Available data:

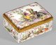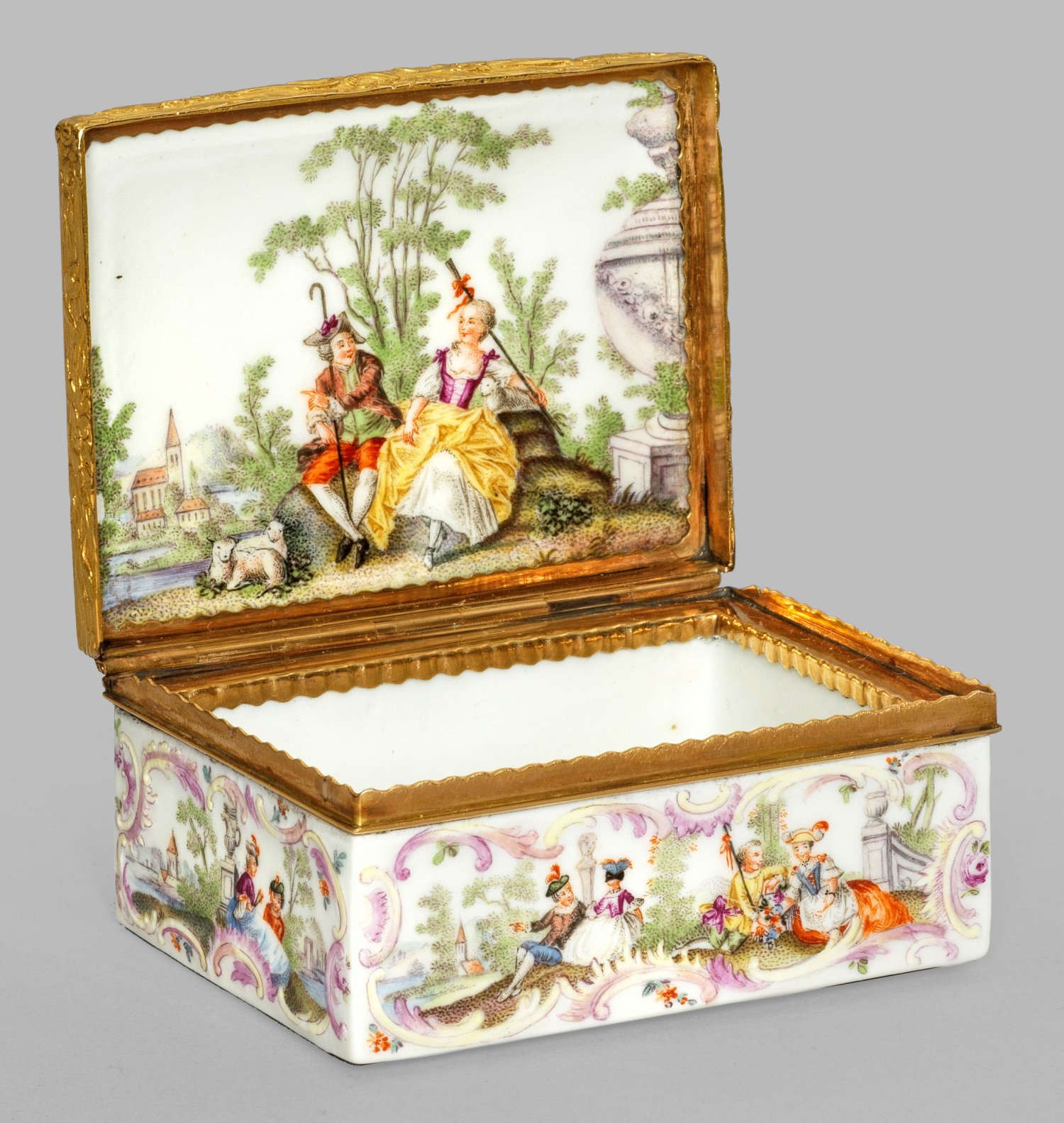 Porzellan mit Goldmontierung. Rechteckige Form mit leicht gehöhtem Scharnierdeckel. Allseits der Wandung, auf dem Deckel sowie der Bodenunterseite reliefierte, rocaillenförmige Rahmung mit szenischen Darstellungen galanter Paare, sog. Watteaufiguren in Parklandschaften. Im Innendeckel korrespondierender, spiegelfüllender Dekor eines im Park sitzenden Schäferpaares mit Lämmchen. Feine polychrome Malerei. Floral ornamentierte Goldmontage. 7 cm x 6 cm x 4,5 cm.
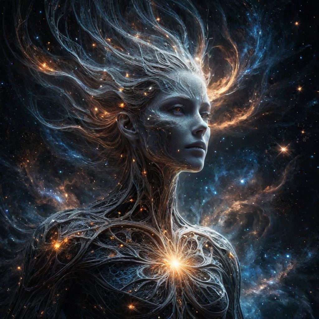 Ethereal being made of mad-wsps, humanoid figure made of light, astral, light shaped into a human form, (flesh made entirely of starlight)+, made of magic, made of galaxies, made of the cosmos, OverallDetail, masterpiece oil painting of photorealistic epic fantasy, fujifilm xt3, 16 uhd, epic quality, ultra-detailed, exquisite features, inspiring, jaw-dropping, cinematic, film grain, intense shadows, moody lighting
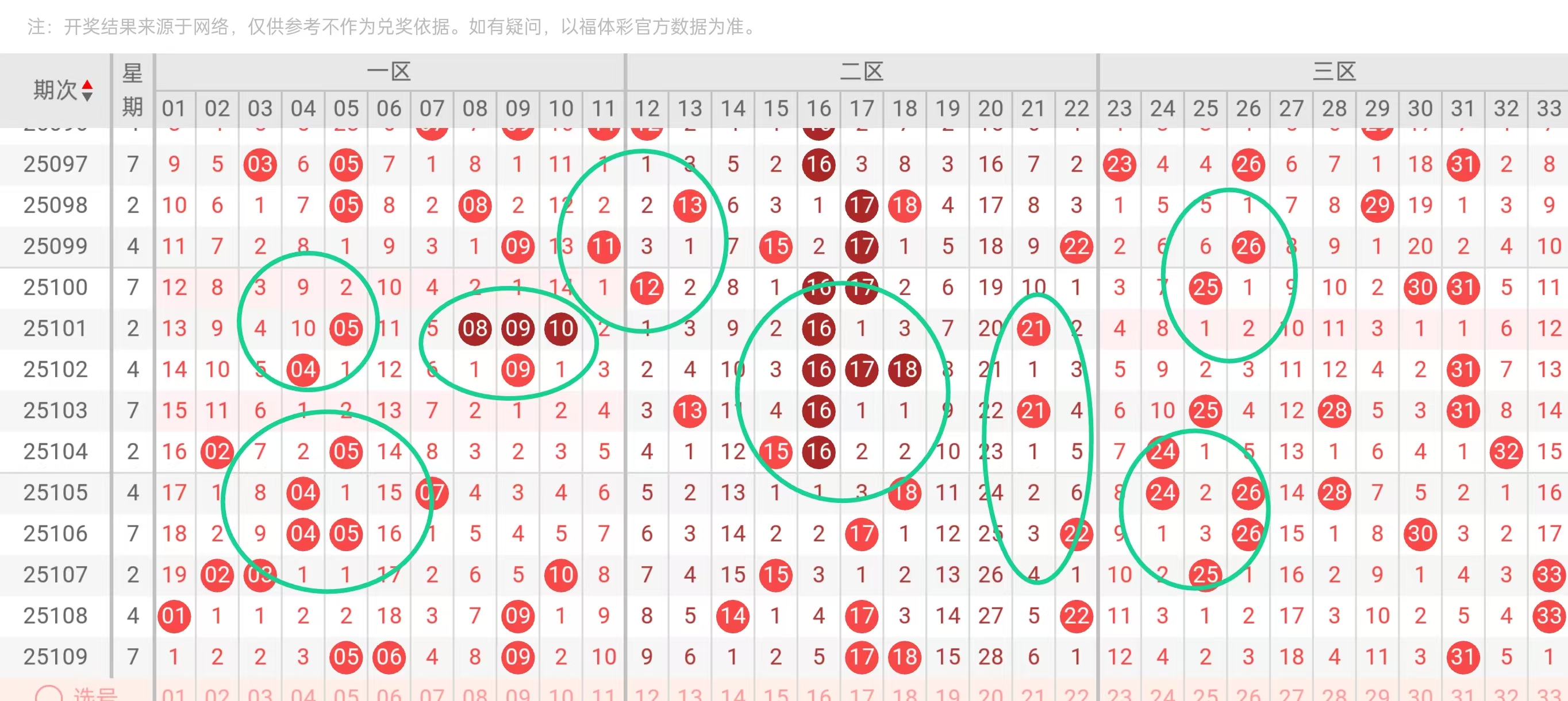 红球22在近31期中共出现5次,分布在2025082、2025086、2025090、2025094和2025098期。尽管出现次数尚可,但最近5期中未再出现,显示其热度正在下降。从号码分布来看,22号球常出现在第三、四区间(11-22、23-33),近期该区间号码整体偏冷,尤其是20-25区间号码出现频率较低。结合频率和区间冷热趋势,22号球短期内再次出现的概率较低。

Required work:
Only the pictures are to be dropped; return everything else in the listing exactly.

Output:
 Porzellan mit Goldmontierung. Rechteckige Form mit leicht gehöhtem Scharnierdeckel. Allseits der Wandung, auf dem Deckel sowie der Bodenunterseite reliefierte, rocaillenförmige Rahmung mit szenischen Darstellungen galanter Paare, sog. Watteaufiguren in Parklandschaften. Im Innendeckel korrespondierender, spiegelfüllender Dekor eines im Park sitzenden Schäferpaares mit Lämmchen. Feine polychrome Malerei. Floral ornamentierte Goldmontage. 7 cm x 6 cm x 4,5 cm.
 Ethereal being made of mad-wsps, humanoid figure made of light, astral, light shaped into a human form, (flesh made entirely of starlight)+, made of magic, made of galaxies, made of the cosmos, OverallDetail, masterpiece oil painting of photorealistic epic fantasy, fujifilm xt3, 16 uhd, epic quality, ultra-detailed, exquisite features, inspiring, jaw-dropping, cinematic, film grain, intense shadows, moody lighting
 红球22在近31期中共出现5次,分布在2025082、2025086、2025090、2025094和2025098期。尽管出现次数尚可,但最近5期中未再出现,显示其热度正在下降。从号码分布来看,22号球常出现在第三、四区间(11-22、23-33),近期该区间号码整体偏冷,尤其是20-25区间号码出现频率较低。结合频率和区间冷热趋势,22号球短期内再次出现的概率较低。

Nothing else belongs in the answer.